- [Prompt]:
Give again, exactly as written, each line of the material below starting at the line that contains "StandBy是一款alwa" and ending at the line that contains "Koszula męska uszyta". Both ends count, and no other line does.

- [Stored data]:
━━━━━━━━━━━━━━━━
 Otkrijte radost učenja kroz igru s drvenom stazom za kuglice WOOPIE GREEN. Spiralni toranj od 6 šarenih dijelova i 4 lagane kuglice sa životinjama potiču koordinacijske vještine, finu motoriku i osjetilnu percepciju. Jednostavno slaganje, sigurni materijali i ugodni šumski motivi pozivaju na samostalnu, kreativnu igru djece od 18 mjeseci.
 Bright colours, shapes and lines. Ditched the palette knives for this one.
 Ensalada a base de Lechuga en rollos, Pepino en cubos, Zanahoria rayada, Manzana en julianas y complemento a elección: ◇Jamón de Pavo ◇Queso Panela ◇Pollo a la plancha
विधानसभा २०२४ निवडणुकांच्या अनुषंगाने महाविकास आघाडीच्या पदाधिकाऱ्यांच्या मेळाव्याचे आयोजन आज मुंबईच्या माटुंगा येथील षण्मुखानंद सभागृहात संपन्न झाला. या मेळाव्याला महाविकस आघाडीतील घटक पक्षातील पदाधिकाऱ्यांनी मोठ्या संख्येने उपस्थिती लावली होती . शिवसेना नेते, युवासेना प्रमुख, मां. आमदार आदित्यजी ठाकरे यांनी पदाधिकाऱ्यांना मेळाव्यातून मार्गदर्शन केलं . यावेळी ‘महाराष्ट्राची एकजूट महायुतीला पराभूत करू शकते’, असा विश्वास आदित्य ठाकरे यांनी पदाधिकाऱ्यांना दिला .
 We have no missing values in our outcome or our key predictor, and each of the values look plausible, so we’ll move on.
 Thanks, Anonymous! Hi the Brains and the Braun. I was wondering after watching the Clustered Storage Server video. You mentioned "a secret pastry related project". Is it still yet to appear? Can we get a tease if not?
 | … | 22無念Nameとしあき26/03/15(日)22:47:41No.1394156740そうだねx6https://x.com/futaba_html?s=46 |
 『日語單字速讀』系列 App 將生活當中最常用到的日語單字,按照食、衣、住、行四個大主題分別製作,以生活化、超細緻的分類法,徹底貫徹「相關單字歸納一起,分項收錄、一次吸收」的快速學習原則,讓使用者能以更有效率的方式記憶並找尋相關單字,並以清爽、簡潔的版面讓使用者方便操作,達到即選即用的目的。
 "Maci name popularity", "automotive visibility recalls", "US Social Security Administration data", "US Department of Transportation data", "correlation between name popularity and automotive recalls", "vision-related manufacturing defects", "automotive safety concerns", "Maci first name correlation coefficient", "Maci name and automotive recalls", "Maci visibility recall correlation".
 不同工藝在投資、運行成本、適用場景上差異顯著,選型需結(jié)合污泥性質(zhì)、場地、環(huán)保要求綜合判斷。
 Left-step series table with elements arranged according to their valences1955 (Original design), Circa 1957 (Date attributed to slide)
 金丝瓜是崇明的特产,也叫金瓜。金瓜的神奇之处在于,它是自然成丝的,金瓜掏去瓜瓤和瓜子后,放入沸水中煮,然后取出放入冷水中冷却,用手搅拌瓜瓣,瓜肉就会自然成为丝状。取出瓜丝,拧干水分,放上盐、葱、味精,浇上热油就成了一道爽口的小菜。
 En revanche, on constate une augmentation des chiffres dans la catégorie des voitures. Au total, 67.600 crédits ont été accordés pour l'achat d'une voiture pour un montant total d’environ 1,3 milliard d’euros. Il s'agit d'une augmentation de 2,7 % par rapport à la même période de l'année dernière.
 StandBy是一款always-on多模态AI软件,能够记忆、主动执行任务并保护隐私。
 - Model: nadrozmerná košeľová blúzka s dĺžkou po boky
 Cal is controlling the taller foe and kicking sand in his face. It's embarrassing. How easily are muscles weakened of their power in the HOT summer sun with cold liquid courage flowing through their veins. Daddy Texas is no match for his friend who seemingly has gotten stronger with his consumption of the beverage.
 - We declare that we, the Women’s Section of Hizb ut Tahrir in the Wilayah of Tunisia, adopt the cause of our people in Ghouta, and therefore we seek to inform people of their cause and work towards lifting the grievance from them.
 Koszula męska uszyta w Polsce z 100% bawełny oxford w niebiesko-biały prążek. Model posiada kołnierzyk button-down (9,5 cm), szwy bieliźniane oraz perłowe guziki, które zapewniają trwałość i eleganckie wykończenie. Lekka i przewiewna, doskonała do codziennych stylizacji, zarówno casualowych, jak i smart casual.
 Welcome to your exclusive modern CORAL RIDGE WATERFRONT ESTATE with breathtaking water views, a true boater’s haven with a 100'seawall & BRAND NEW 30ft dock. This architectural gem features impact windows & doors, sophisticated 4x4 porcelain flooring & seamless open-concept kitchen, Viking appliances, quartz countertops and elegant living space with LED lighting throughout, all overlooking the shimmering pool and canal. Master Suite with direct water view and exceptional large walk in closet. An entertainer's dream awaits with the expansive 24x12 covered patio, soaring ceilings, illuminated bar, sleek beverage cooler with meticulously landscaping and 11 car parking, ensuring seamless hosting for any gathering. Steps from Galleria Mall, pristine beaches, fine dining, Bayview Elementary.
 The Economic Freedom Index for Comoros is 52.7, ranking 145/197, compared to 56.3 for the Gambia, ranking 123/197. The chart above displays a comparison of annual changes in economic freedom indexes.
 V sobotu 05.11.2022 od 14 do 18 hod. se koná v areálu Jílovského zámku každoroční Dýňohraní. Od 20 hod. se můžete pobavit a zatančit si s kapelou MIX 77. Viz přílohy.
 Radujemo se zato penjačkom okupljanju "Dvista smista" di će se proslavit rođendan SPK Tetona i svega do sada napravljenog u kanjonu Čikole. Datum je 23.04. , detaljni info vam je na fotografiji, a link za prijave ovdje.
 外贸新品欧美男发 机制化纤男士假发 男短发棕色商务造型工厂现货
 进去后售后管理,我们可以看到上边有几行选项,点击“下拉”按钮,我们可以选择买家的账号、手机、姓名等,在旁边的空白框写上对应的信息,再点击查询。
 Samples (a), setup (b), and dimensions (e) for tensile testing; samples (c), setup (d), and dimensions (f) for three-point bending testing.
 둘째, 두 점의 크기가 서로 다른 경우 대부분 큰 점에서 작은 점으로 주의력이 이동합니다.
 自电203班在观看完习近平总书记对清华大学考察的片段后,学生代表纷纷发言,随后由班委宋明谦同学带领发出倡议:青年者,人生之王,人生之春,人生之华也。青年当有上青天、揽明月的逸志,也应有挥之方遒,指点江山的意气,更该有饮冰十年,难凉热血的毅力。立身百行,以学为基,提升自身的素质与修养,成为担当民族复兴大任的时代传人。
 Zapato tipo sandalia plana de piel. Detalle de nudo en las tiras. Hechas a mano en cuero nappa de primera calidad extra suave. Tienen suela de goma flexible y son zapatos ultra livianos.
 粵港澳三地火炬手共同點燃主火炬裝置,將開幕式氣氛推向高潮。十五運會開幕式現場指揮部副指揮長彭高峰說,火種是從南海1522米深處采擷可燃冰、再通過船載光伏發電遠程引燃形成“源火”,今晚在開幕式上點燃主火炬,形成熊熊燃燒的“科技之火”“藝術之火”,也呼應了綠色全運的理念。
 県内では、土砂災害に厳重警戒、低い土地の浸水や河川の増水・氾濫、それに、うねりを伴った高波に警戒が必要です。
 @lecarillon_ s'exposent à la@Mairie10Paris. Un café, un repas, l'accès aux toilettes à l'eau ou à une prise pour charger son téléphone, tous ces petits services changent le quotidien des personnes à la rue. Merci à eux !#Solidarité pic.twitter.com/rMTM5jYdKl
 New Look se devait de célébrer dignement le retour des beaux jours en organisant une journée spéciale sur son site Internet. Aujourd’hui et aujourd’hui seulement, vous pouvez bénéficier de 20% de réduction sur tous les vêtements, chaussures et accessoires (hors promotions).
━━━━━━━━━━━━━━━━
- [Final answer]:
 StandBy是一款always-on多模态AI软件,能够记忆、主动执行任务并保护隐私。
 - Model: nadrozmerná košeľová blúzka s dĺžkou po boky
 Cal is controlling the taller foe and kicking sand in his face. It's embarrassing. How easily are muscles weakened of their power in the HOT summer sun with cold liquid courage flowing through their veins. Daddy Texas is no match for his friend who seemingly has gotten stronger with his consumption of the beverage.
 - We declare that we, the Women’s Section of Hizb ut Tahrir in the Wilayah of Tunisia, adopt the cause of our people in Ghouta, and therefore we seek to inform people of their cause and work towards lifting the grievance from them.
 Koszula męska uszyta w Polsce z 100% bawełny oxford w niebiesko-biały prążek. Model posiada kołnierzyk button-down (9,5 cm), szwy bieliźniane oraz perłowe guziki, które zapewniają trwałość i eleganckie wykończenie. Lekka i przewiewna, doskonała do codziennych stylizacji, zarówno casualowych, jak i smart casual.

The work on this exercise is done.